• WHAT NEEDS TO BE DONE:
Among the lines below, restate word for word only those from the line with "WASPADA INDONESIA ." through the line with "Dxn Neeli Tailam", with both end lines kept.

• EXTRACTED ENTRIES:
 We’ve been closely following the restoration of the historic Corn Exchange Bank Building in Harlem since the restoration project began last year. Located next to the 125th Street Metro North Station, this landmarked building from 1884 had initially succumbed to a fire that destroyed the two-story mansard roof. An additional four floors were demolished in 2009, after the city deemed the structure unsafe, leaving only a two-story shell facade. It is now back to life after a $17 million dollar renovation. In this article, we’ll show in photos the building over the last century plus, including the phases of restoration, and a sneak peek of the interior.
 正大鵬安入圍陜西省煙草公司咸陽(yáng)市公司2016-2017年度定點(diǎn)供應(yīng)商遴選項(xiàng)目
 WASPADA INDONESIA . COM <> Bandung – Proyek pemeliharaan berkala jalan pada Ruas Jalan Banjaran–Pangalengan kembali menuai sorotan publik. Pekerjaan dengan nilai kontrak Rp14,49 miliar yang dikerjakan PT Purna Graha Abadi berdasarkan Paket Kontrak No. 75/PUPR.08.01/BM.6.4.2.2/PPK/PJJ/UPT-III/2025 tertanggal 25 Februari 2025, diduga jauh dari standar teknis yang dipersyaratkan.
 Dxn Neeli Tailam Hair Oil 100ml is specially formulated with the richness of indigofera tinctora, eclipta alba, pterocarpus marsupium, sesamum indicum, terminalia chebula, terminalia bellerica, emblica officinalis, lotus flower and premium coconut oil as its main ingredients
==
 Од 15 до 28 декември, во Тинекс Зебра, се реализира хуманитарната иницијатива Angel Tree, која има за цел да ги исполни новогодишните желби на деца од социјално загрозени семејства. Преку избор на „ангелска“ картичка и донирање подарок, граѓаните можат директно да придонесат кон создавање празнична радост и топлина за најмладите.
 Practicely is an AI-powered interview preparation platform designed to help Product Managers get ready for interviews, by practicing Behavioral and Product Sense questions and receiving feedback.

• TASK ANSWER:
 WASPADA INDONESIA . COM <> Bandung – Proyek pemeliharaan berkala jalan pada Ruas Jalan Banjaran–Pangalengan kembali menuai sorotan publik. Pekerjaan dengan nilai kontrak Rp14,49 miliar yang dikerjakan PT Purna Graha Abadi berdasarkan Paket Kontrak No. 75/PUPR.08.01/BM.6.4.2.2/PPK/PJJ/UPT-III/2025 tertanggal 25 Februari 2025, diduga jauh dari standar teknis yang dipersyaratkan.
 Dxn Neeli Tailam Hair Oil 100ml is specially formulated with the richness of indigofera tinctora, eclipta alba, pterocarpus marsupium, sesamum indicum, terminalia chebula, terminalia bellerica, emblica officinalis, lotus flower and premium coconut oil as its main ingredients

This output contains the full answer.